Clearly, the wording that Ruby utilizes to describe the rape sounds almost mechanical, “he took me upstairs,” “he laid me down on the bed,” “began the intercourse,” and “when it was finished he left.” In most instances, one of the places where individuals feel the safest is in the privacy of their own home. However, Doc Adams took that sense of security away from Ruby by raping her and then threatening her life. Doc Adams was clear in his warning to Ruby; she was a strong woman who came face to face with Doc Adams and she knew what the warning meant for her and her family. In the book, Jim Crow’s Legacy, nearly 100 older African American respondents were interviewed; several of the respondents mentioned that if a man saw a woman they wanted they just took her [10]. We see in Ruby’s statement that Doc Adams didn’t fear the police, prosecution, or Ruby’s husband, Sam. He felt he had the right to stop by her house, at any time of the day, and rape her. In the quote, the idea of the metaphor that Ruby wasn’t green is questionable green in terms of money or green in terms of her understanding of what paramour rights were in the Jim Crow south. This statement could have implied that she was not a virgin and understood that in a society that has a foundation of systemic racism that she knew that she had no choice but to allow Doc Adams to do whatever he wanted to do with her body and that there would be severe consequences for her and her family if she didn’t comply.

Systemic racism: Black women pregnant with rapist’s child

Ruby’s testimony about the pregnancy exemplifies the historical foundation of systemic racism. Throughout history Black women have given birth to the child of their rapist. In the testimony Ruby recalls the circumstances of the birth of her first child with Doc Adams:

I became pregnant in 1951 in October. She was born July 15, 1950. No, this was in 1950, and the baby was born in 1951. Now she is a year old. Maybe fifteen months old. He [Dr. Adams] told me to go to Valdosta to Dr. Saunders at Little-Griffin Hospital. I went there and the baby was born there. I stayed three days and came back to Live Oak. They [Dr. Saunders and Dr. Adams] were first cousins; I understood him to say. He [Doc Adams] came out the next morning after I came home that afternoon and begun treating me and until the tenth or twelfth day was up he came out pretty near, practically, every day, and he treated the baby and me; he took care of the baby and he took care of me until I got up. [Did you ask Dr. Adams for the birth certificate?] Yes, I did I told him that I had not received a birth certificate for my baby yet, and I was supposed to receive a certificate around a month after the baby was born, and I asked him if he would get it for me, and he told me, “Why, I have it, and I am going to keep it until you tell me, until you do as I say do. He told me that the baby’s name was made in his last name.

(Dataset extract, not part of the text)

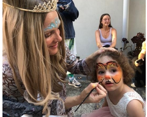
More Purim 2023

We see that Ruby had no control over her body, her child, or her future; Doc Adams made all decisions about what was happening with Ruby during and after the birth. Indeed there were some contradictions in Ruby’s testimony and her interview with Jet Magazine; this is symptomatic of segregation stress syndrome. In the case of Ruby McCollum, Doc Adam was clearly threatening her life. She understood that systemic racism allowed Doc Adams to understand that he didn’t have to fear the police, the legal system, or retaliation from Ruby’s husband. Her fear is legitimate in that she had no protection. According to a local neighbor, “He (Doc Adams) felt comfortable to stop by her house anytime of the day to rape her” [15]. Ruby continues her recollection of the incident with Doc Adams:

Doc Adams continued, “I am not afraid and I don’t want you to be afraid of it. No one is going to bother me. That is definite. I told him, “ok.” And that made me begin to be afraid of him. In other words, I just was so worried, I had to either yield or maybe die I suppose that was what would happen, so I couldn’t tell him no; any time he came out to my house it was all right, and he continued this for about quite a while. In 50’s was when I spoke to him this way; I said, “I am almost afraid.” And he said, “Afraid of what?” And I said, “Well you know what I will be afraid of.” He said, “That doesn’t make any difference.” And I said, “Why not use one of those things?” and he said, “What is that?” and I said, “Use a diaphragm.” He told me, “To hell with a diaphragm. I don’t use such things as that.” Then later on, along about October to November, around November it was I spoke to him and told him what had happened. He said, “I know it. I knew it to start with. You don’t have anything to worry about.”

The rape and the subsequent pregnancy are the events that triggers segregation stress syndrome. In addition, Ruby is fearful that Doc Adams might kill her if she refuses him. In the total institution of Jim Crow white men didn’t concern themselves with the repercussions from the husband and male members of the family. The family understood (from experience) intervention could lead to the death of everyone.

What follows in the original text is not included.